Anyone unfortunate enough to have joined the California-to-Seattle migration in recent weeks has wandered smack into a barrage of accusations that "sun-bleached barbarians" are polluting the once-pristine Emerald City.

Words like plague and scourge have been applied freely to immigrants like Jim Friswold, who moved his family north from Yorba Linda last month. Friswold predicts the California-bashing "will get worse before it gets better."

The snubs, reminiscent of the early '70s "Don't Californicate Oregon" campaign, reached another transplant before she even left her California home.
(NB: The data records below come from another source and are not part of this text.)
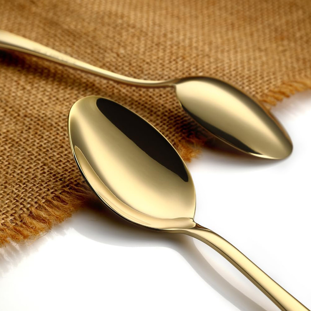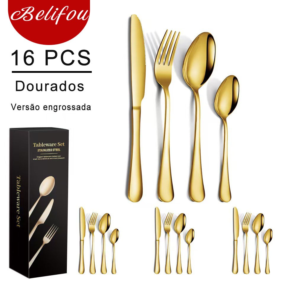 Belifou Kit 24 Jogo De Talheres Para Bife Aço Inoxidável 416 Dourados Com Colher Pequena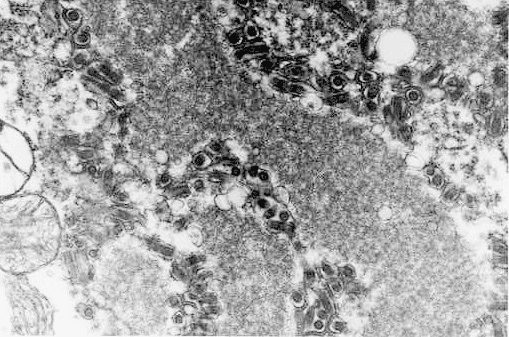 The overall tissue preservation is less than optimal because of postmortem autolysis. Panel A and B are taken from the cerebellum. The molecular layer, Purkinje cell layer, and internal granular layer are included (Panel A). Solitary eosinophilic intracytoplasmic inclusions of variable size are present in the Purkinje cells. No inflammatory cell infiltration is present in the cerebellum. The vacuolar spaces (Panel B) is partly due to autolysis and partly due to hypoxic/ischemic changes. Pyramidal cells in the hippocampus (Panel C), cortical neurons in parietal lobe (Panel D) and other neocortical areas adopted an elongated and contracted contour with loss of nuclear details. These are histologic features consistent with hypoxic/ischemic changes. Similar to the cerebellum, solitary eosinophilic cytoplasmic inclusion bodies are present and there is no inflammatory cell infiltration. Multiple eosinophilic cytoplasmic inclusion bodies within a single neuron are occasionally found. Some of these neurons containing multiple inclusions from the substantia nigra are illustrated in Panel E. Although inflammatory cell infiltration is scant in the cerebrum and cerebellum, perivascular chronic inflammatory cell infiltrations are common in the medulla (Panel F and G), in the paravertebral sympathetic ganglion (Panel H and I) and in the spinal cord (not shown). Intracytoplasmic inclusions, however, are not found in the medulla, spinal cord, and paravertebral sympathetic ganglion. Under the electron microscope, rod-shape or bullet-shaped viral particles are found (Panel J).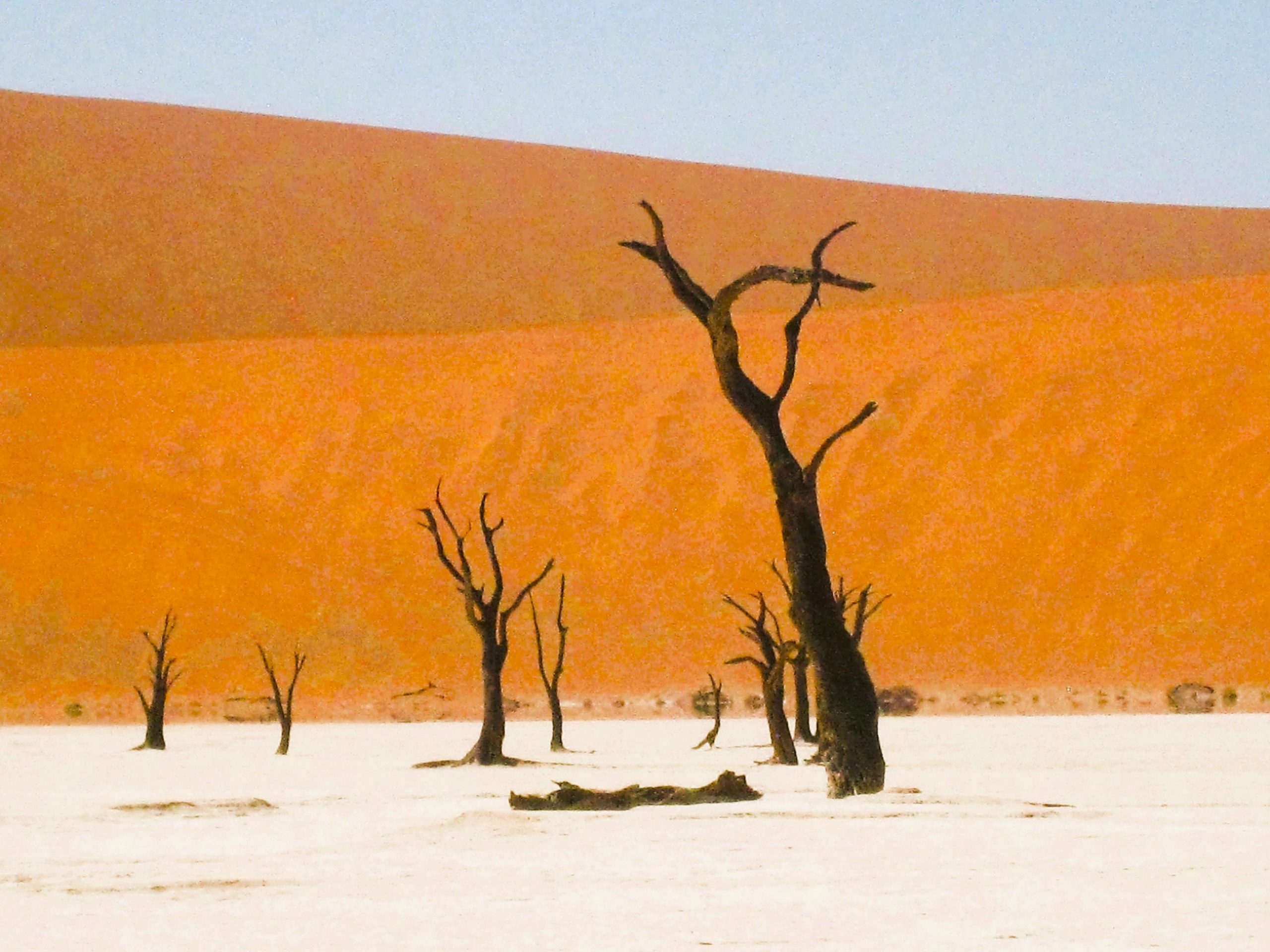 Mais, il y a encore plus difficile et torride, la marche sous le soleil écrasant et dans le sable ennemi vers le mythique Dead Vlei, « marais mort », Graal ultime des photographes. Cette cuvette d’argile blanche, que j’imaginais d’ailleurs plus large, est jonchée d’arbres morts fossilisés et centenaires, dans un étrange ballet immobile. La sueur coule sous mon chapeau, le long de mes tempes, sur mes joues. Je crapahute, je bois une gorgée d’eau, je geins, je crapahute, je bois une gorgée d’eau, je geins. J’arrive à la cuvette, quasi zombifiée. Je voudrais la parcourir pour réaliser le cliché du siècle mais une soudaine envie organique me prend. Du monde, pas de buissons … Je rebrousse illico chemin avec quelques pauvres images surexposées mais ce n’est pas si grave, j’ai perdu mon enthousiasme effréné pour la photographie. Après un retour qui m’a semblé une éternité, je les atteins enfin, ces cabanes de bois si caractéristiques du tourisme namibien de désert …
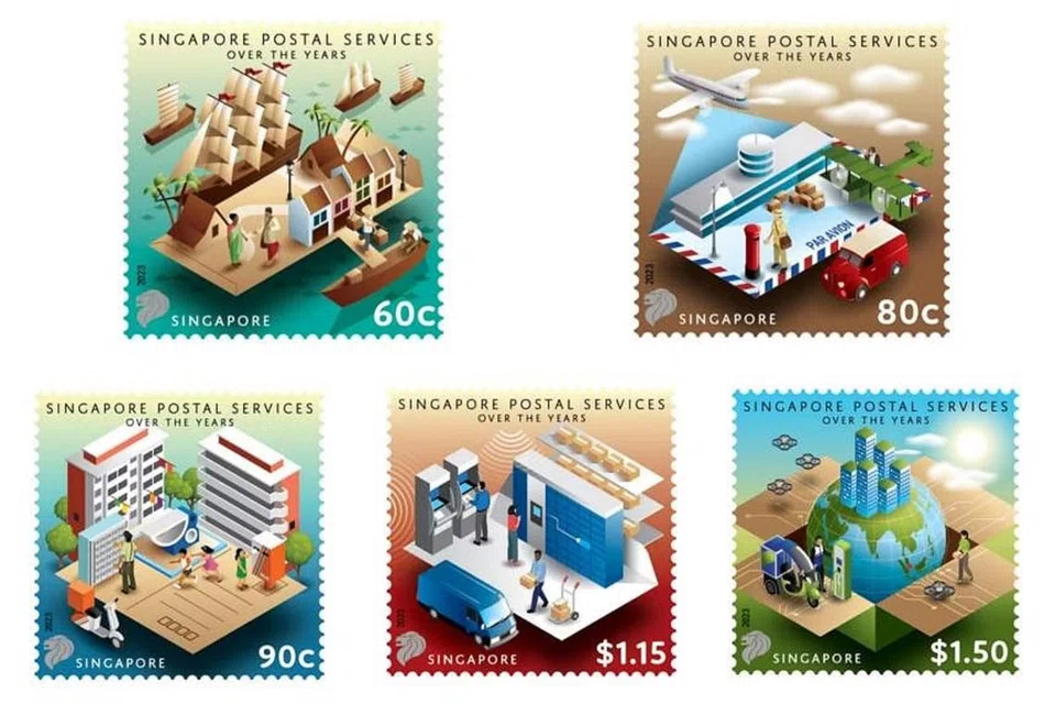 அந்த அஞ்சல் தலைகள் சிங்கப்பூரின் அஞ்சல் சேவையின் உருமாற்றத்தை எடுத்துக்காட்டுகின்றன.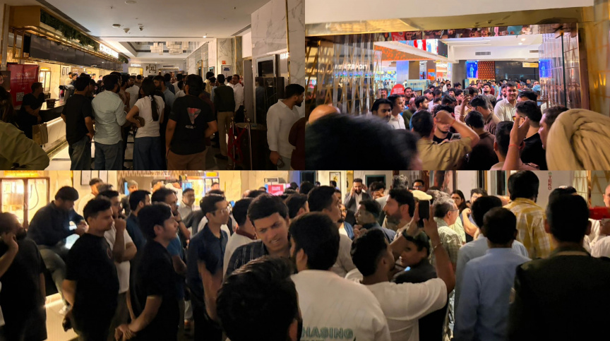 "ދުރަންދަރު: ދަ ރިވެންޖް"ގެ ޕެއިޑް ޕްރީމިއަ ޝޯތައް ބަލާލަން ބަޔަކު މީހުން ސިނަމާ ހޯލްގެ ބޭރުގައި ކިއު ހަދާފައި--ފޮޓޯ/ހިންދުންސްތާންޓައިމްސް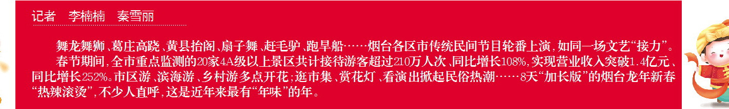 记者 李楠楠 秦雪丽 舞龙舞狮、葛庄高跷、黄县抬阁、扇子舞、赶毛驴、跑旱船……烟台各区市传统民间节目轮番上演,如同一场文艺“接力”。 春节期间,全市重点监测的20家4A级以上景区共计接待游客超过210万人次、同比增长108%,实现营业收入突破1.4亿元、同比增长252%。市区游、滨海游、乡村游多点开花;逛市集、赏花灯、看演出掀起民俗热潮……8天“加长版”的烟台龙年新春“热辣滚烫”,不少人直呼,这是近年来最有“年味”的年。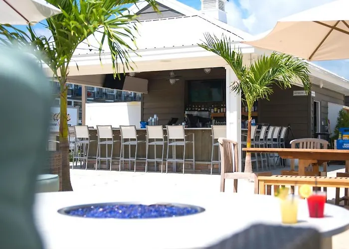 Culinary options include the Avalon Brew Pub, offering a gastropub-style menu and craft beers brewed on-site. Guests can also dine at The Sandbar Village Beach Bar, serving tropical cocktails and live music. Shimmers Bistro provides breakfast items in a cozy atmosphere with a library nook.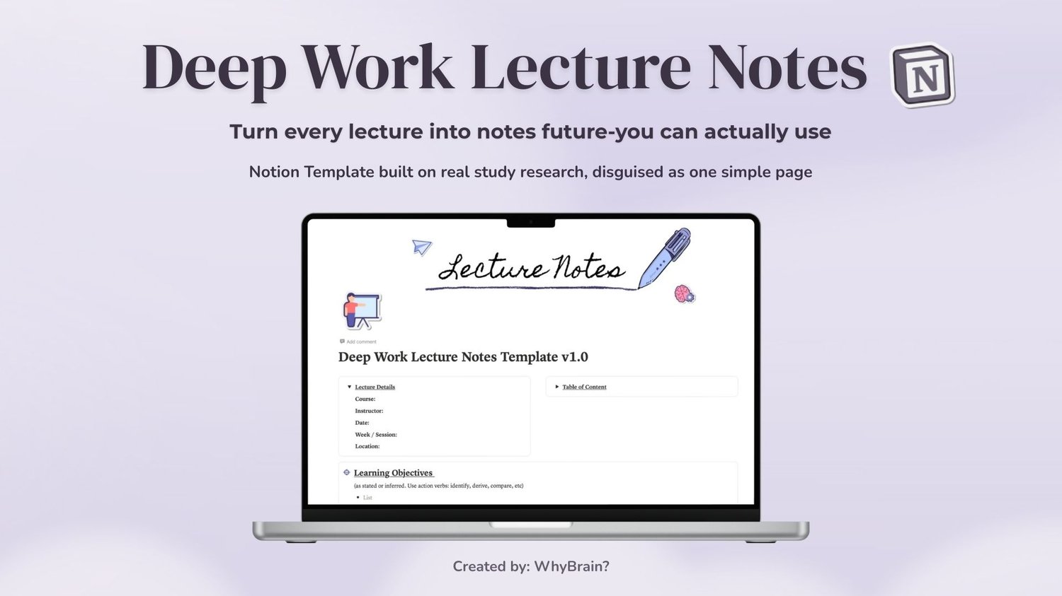 The Deep Work Lecture Notes template gives a Notion page that helps you capture what happens, understand it, and actually use it later. A structure that works with how your brain actually learns.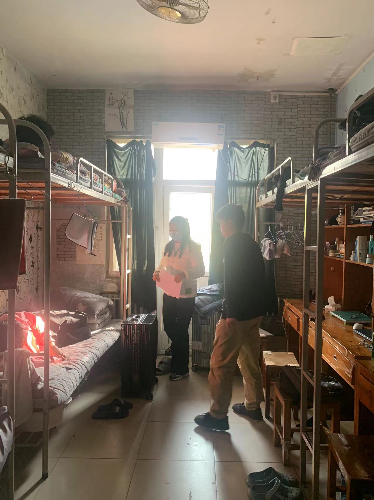 检查过程中,老师们强调了宿舍卫生问题,提醒同学们要勤打扫卫生,摆放好个人物品,做好宿舍卫生工作,并叮嘱同学们近期是感冒和流感的多发期,同学们应该增强防护意识,到人群密集的地方需戴好口罩,做好防范措施,宿舍勤开窗通风,做好消杀工作,以此来预防病毒在宿舍流行传染,预防流行性疾病的传播。此外,老师们在检查过程中还提醒同学们要关注气候的变化,大雪已到,气温会发生骤降,提醒同学们要注意保暖,根据气候的变化及时调整自己的衣着,注意防寒保暖。最后,大家还进一步了解了同学们日常生活中产生的问题,并对同学们的疑惑进行了逐一解答,为同学们排忧解难。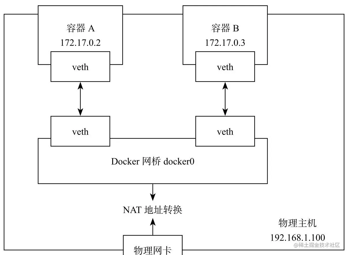 图 1 Docker 的网络实现物理拓扑图
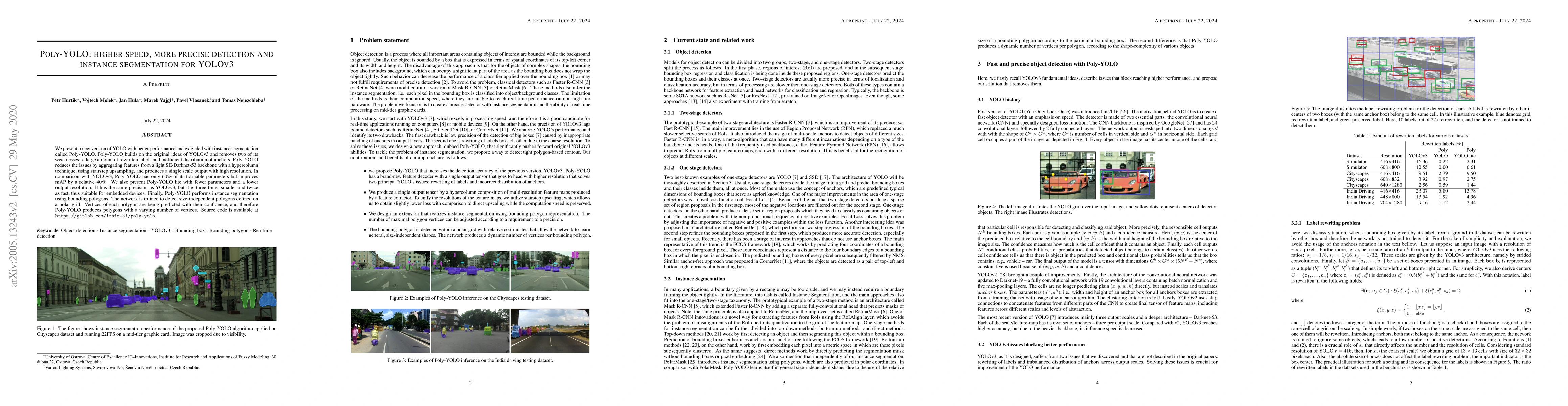 Poly-YOLO enhances YOLOv3 by optimizing label management and anchor distribution, achieving higher speed and precision through a lightweight backbone and improved upsampling. It also introduces instance segmentation with size-independent polygons, offering better performance with fewer parameters.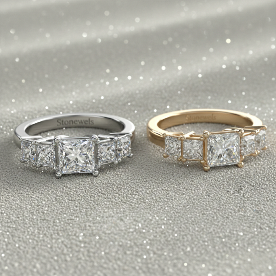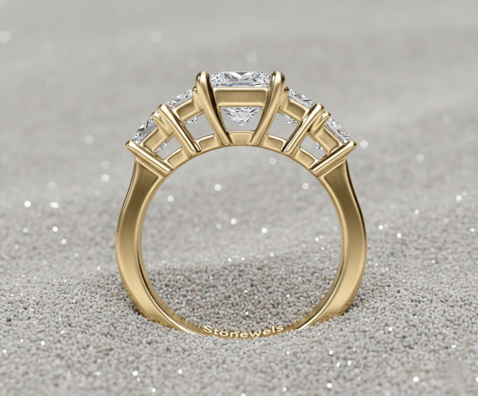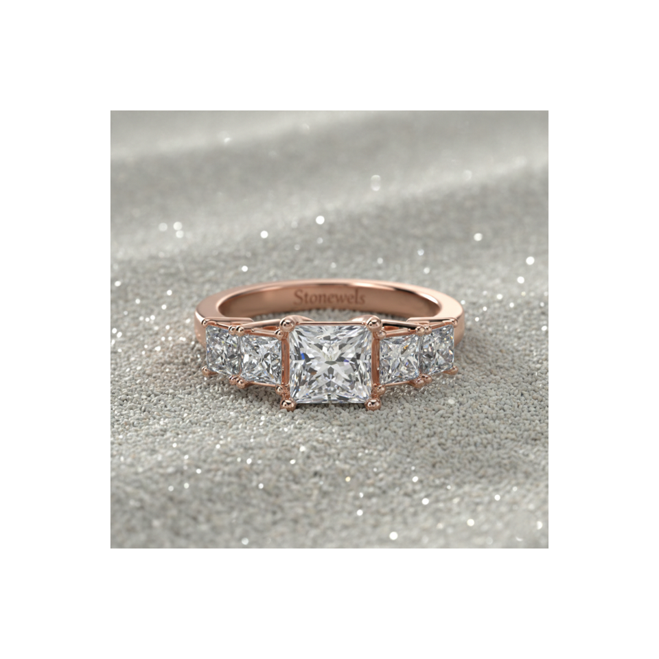 แหวนเพชรทรงปรินเซสคัทจากแล็บโกรว์ ประดับเพชรด้านข้างทรงปรินเซสสี่เม็ด ชุบทองคำสีกุหลาบ ประดับเพชรห้าเม็ด สำหรับแหวนหรูหราที่ได้รับการรับรอง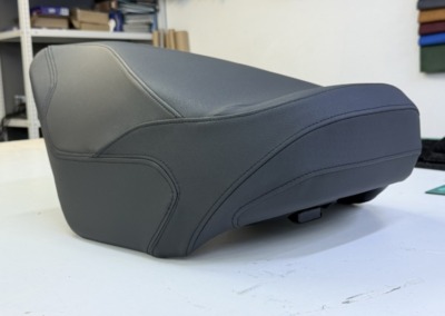Ремонт сиденья снегохода. Клиент самостоятельно выбрал экокожу, которая ему приглянулась, для замены порванного элемента — учли все пожелания и аккуратно восстановили внешний вид.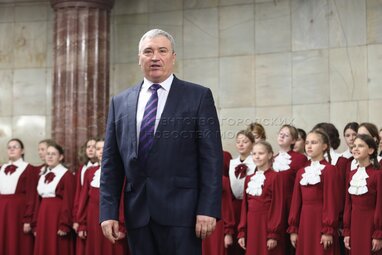 Художественный руководитель Большого детского хора имени В.С. Попова Анатолий Кисляков во время выступления Большого детского хора в аванзале станции метро «Курская».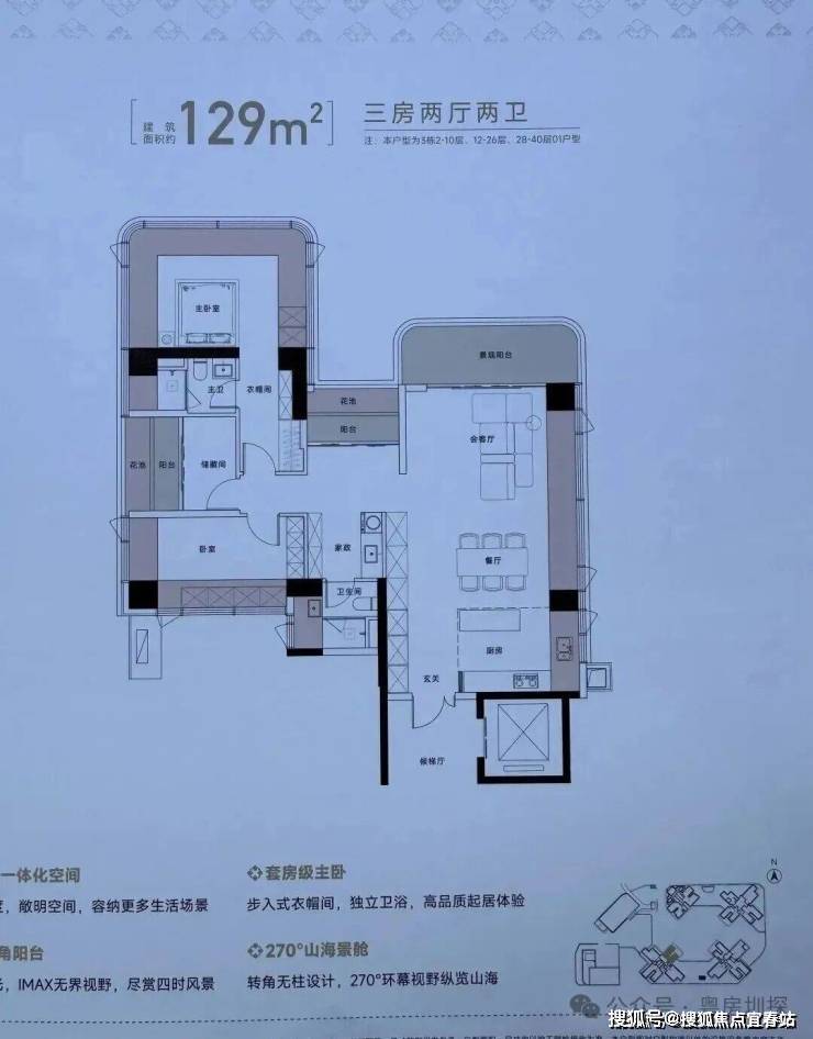 将地标高度/创新设计/极致景观/自然融合四大要素集于一体,约150米地标建筑以45°错位转体设计,实现四户分踞四角的独立瞰景布局,每户均可享有极致山海景观。约55米超宽楼间距、0.6的黄金窗墙比远超常规住宅0.3-0.5的标准,呈现山景、海景、花园三重景观界面。

After reading about a Seattle newspaper columnist's campaign aimed at keeping out Californians, Neota Bradley almost canceled her move, even though her husband had already arranged a job transfer from San Francisco.

Bradley ultimately moved, but she took precautionary measures, such as having her California license plates replaced with Washington plates immediately upon arrival.

Relocation specialist Mindy Sitton of Coldwell Banker in Seattle said she has talked at length with potential immigrants about the new anti-California attitude here.

"It's scaring a lot of people," she said.

Even tourists from California apparently feel they need to take steps to stave off persecution. A Seattle newspaper columnist reported seeing this hand-lettered sign in the back of a van bearing California plates: "Just Visiting. Don't Worry."

Seattle, of course, is not the only place receiving disaffected Angelenos trailing U-Hauls. California migrants are relocating nationwide. But it sometimes seems as if there's a direct pipeline from Los Angeles and the Bay Area to the burgeoning new communities on Seattle's Eastside--towns like Bellevue and Kirkland.

What Seattle has going for it are: jobs--unemployment here is at a 20-year low; mountain and water views galore; and just enough trendy, high-tech familiarity to make the place comfortable for Californians.

In contrast, a transplant who chooses Spokane or Walla Walla, for instance, is unlikely to find espresso served in convenience stores.

Just how many California emigres have relocated in Seattle is a matter of wild speculation in the Northwest.

Based on Internal Revenue Service data, state office of financial management statistics say 22% of all newcomers to Seattle are from the Golden State; that figure has remained steady since 1975.

But some newspaper accounts have declared the California-to-Seattle exodus a flood, based on figures from moving companies and other sources.

Real estate agents report that as many as 90% of their recent sales are to Californians, who see as a real bargain the King County August median home price of $99,000 (which agents say will get a buyer a three-bedroom, two-bath, 1,500-square-foot house in a modest middle-class neighborhood).

It's fair to say that, even if an equal number of immigrants are coming to Seattle from states other than California, the Californians may be having a bigger impact with their conspicuous real estate wealth and equally conspicuous life styles.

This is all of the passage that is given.